» WHAT YOU HAVE TO DO: In the entries that follow, the lines from the line containing "Выбирать конкретные методы" up to and including the line containing "目的の花も多く見られて東山の" must be copied exactly, with pictures omitted.

» PROVIDED DATA:

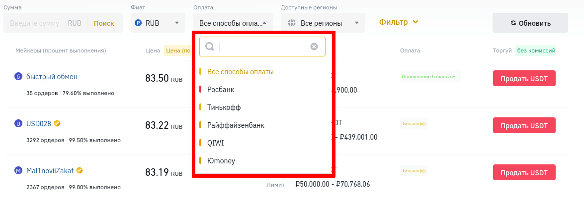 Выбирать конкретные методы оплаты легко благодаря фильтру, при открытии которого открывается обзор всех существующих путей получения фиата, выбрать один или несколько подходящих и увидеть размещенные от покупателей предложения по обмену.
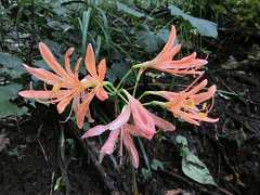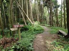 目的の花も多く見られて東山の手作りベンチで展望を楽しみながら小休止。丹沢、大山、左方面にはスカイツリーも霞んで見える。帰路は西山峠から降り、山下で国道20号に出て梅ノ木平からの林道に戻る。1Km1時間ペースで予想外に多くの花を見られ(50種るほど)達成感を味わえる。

--

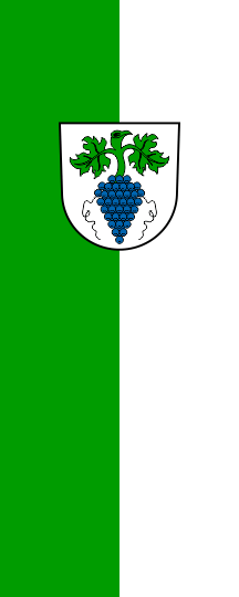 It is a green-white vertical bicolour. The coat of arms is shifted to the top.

» SOLUTION FOR THIS EXERCISE:
 Выбирать конкретные методы оплаты легко благодаря фильтру, при открытии которого открывается обзор всех существующих путей получения фиата, выбрать один или несколько подходящих и увидеть размещенные от покупателей предложения по обмену.
 目的の花も多く見られて東山の手作りベンチで展望を楽しみながら小休止。丹沢、大山、左方面にはスカイツリーも霞んで見える。帰路は西山峠から降り、山下で国道20号に出て梅ノ木平からの林道に戻る。1Km1時間ペースで予想外に多くの花を見られ(50種るほど)達成感を味わえる。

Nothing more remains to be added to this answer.